The prognosis for cure of women with choriocarcinoma is good even when the disease has spread to distant organs, especially when only the lungs are involved, as in our patient. Therefore, the traditional TNM staging system has limited prognostic value . The probability of cure depends on the following: histologic type (invasive mole or choriocarcinoma), extent of spread of the disease/largest tumor size, level of serum beta-hCG, duration of disease from the initial pregnancy event to start of treatment, number and specific sites of metastases, nature of antecedent pregnancy and the extent of prior treatment. Most of these factors operate in our patient.
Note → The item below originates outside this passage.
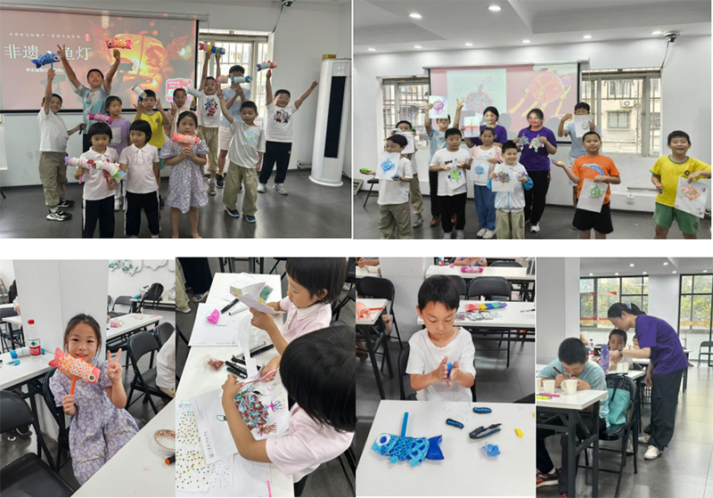 “非遺魚燈”“繡球”課程里,孩子們在觀看科普視頻后,用紙杯、黏土親手制作非遺手作;皮影戲動畫《漏》的放映引發(fā)熱烈討論,志愿者趁機講解皮影戲的歷史淵源;“甲骨文創(chuàng)意手工”活動中,卡紙與黏土變成古老文字的載體,讓傳統(tǒng)文化在指尖流轉。

Selection of treatment depends on these factors plus the patient’s desire for future pregnancies. The beta-hCG is a sensitive marker to indicate the presence or absence of disease before, during, and after treatment. Given the extremely good therapeutic outcomes of most of these tumors, an important goal is to distinguish patients who need less-intensive therapies from those who require more-intensive regimens to achieve a cure.
In conclusion, this is the first reported case of a Jehovah’s Witness patient with metastatic gestational choriocarcinoma, and who survived without obstetrics sequalae, her resource-poor-setting notwithstanding. Gynecologists and physicians should be aware that patient blood management is available in the management of this challenging scenario in resource-poor settings. It is hoped that future development in clinical medicine are needed. This is more so when the Nigerian Supreme Court holds “that under normal circumstances no medical doctor can forcibly proceed to apply treatment to a patient of full and sane faculty without the patient’s consent, particularly if that treatment is of a radical nature such as surgery or blood transfusion” .
Written informed consent was obtained from the patient for publication of this case report and any accompanying images. A copy of the written consent is available for review by the Editor-in-Chief of this journal.